Walker took schoolwork with him to the Big East and NCAA tournaments, completing short required papers while postponing tests until after the season. He met with his campus tutor on Skype. And in his travel pack is a copy of New York Times columnist William C. Rhoden's Forty Million Dollar Slaves: The Rise, Fall, and Redemption of the Black Athlete, a book that Crump encouraged Walker to read for an independent-study class on racism in sports. Before the Final Four, Crump suggested that Rhoden's book would be the first that Walker had ever made it through cover-to-cover.
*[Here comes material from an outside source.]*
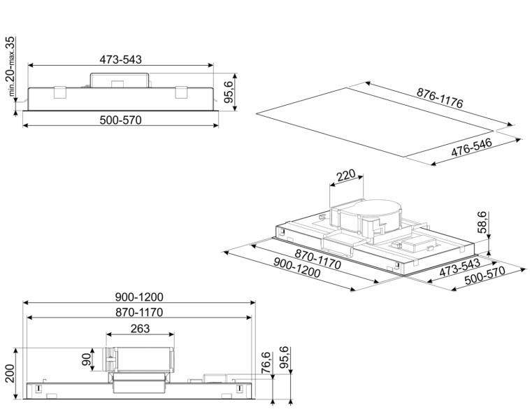 Smeg KLT 120 LXS Dampkap inbouwgroep

After the win over Kentucky, Walker confirmed this. "That's true," he said. "You can write that. It is the first book I've ever read."

His work on the court over the final 28 days ranks among the most compelling performances in NCAA postseason history. After those two grueling practices in Storrs, Connecticut won five times in five days to seize the Big East title and earn a No. 3 seed in the West region. Walker scored a tournament-record 130 points, and his magical roll carried straight through to Houston.

Walker's play, as well as his leadership, inspired and emboldened his young teammates. Lamb, a slender, 6' 5" wing player, has matured most quickly in the tournament. He scored 97 points in six games, put pressure on defenses with his silky explosiveness and wreaked havoc in the passing lanes with his long, skinny arms. Off the floor he was a source of constant amusement to his teammates, gobbling Gummi Bears and Lemonheads from plastic bags he had stashed in his workout gear and dancing horribly (according to Walker, the ultimate arbiter of choreographic matters) to Soulja Boy and Roscoe Dash. "Jeremy is just ... weird," says freshman center Michael Bradley, Lamb's roommate.